У бедра вибрирует мобильный. Выуживаю его из кармана, ожидая получить сообщение от Роуэн. Оно от папы. Он прислал фото. Я хмурюсь. Не помню, когда он писал мне сообщения в последний раз. А тут снимок послал. Я провожу пальцами по экрану, разблокировав телефон.

На фотографии кухонный стол. Я не сразу понимаю, что на нем разложено. А когда понимаю, у меня останавливается сердце. Мамины принадлежности для фотосъемки. Все. Послать мне такую фотографию – точно выкопать скелет мамы и разложить его на столешнице.

Я знаю каждый лежащий на нем предмет.
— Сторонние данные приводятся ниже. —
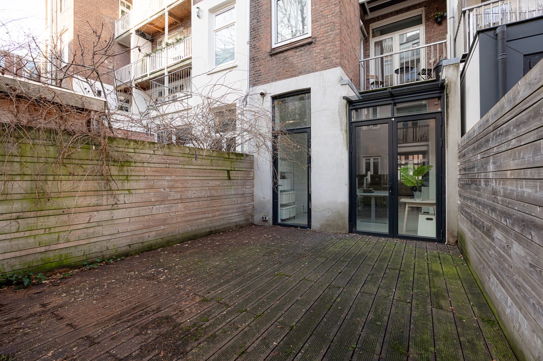 Aan de achterzijde van de kantoorruimte is via openslaande deuren een tuin bereikbaar van circa 27 m². De tuin is omsloten met een stijlvolle schutting en afgewerkt met vlonders, wat zorgt voor een gezellige en verzorgde buitenruimte. De elektrisch bedienbare zonwering draagt bij aan een aangenaam verblijf en biedt extra comfort op zonnige dagen.

Покажите мне любой сделанный мамой снимок, и я скажу, с каким фотоаппаратом она работала. Ее сумки висят на спинке одного из стульев, и я буквально чувствую исходящий от них запах кожи с примесью крови, пота и слез. Вес этих фотоаппаратов и запах этих кожаных сумок прочно запечатлены в моей памяти, так как каждый раз по возвращении мамы я помогала ей их разбирать. Каждый раз, кроме последнего. Я не притрагивалась к этим сумкам со дня ее смерти. Я не притрагивалась к ним. Это ее вещи. Ее вещи.

Мы всегда разбирали их вместе. Она рассказывала мне тайные истории из своих путешествий, а после того как папа уходил спать, мы засиживались допоздна за просмотром какой-нибудь мелодрамы. В морозилке все еще стоит нетронутая пинта мороженого, покрытая плотным слоем льда. Я купила ее для наших вечерних посиделок. Сейчас я понимаю, что больше не возьму в рот вишневое мороженое.
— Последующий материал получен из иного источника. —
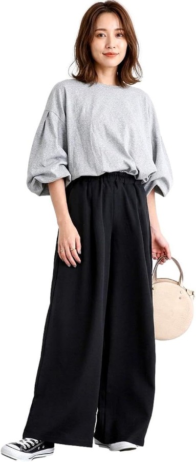 「快適・動きやすい・らくちんワイドパンツ」これからの季節にぴったりの生地感で、分厚過ぎず薄過ぎずちょうどいい

Папе никогда не было дела до маминых историй. Никогда. А теперь он роется в ее вещах! У меня дрожат пальцы. Ладони вспотели, и я чуть было не уронила мобильный. Под снимком появляется текст:

«Иэн предложил забрать все это у нас. Он заедет обсудить детали. Ты хочешь, чтобы я оставил для тебя какие-то вещи?»

Что?!

Я не могу набрать номер. Кажется, у меня паническая атака. Из горла вырываются сдавленные хрипы. Каким-то образом мобильный оказывается у щеки, и я слышу в трубке голос папы.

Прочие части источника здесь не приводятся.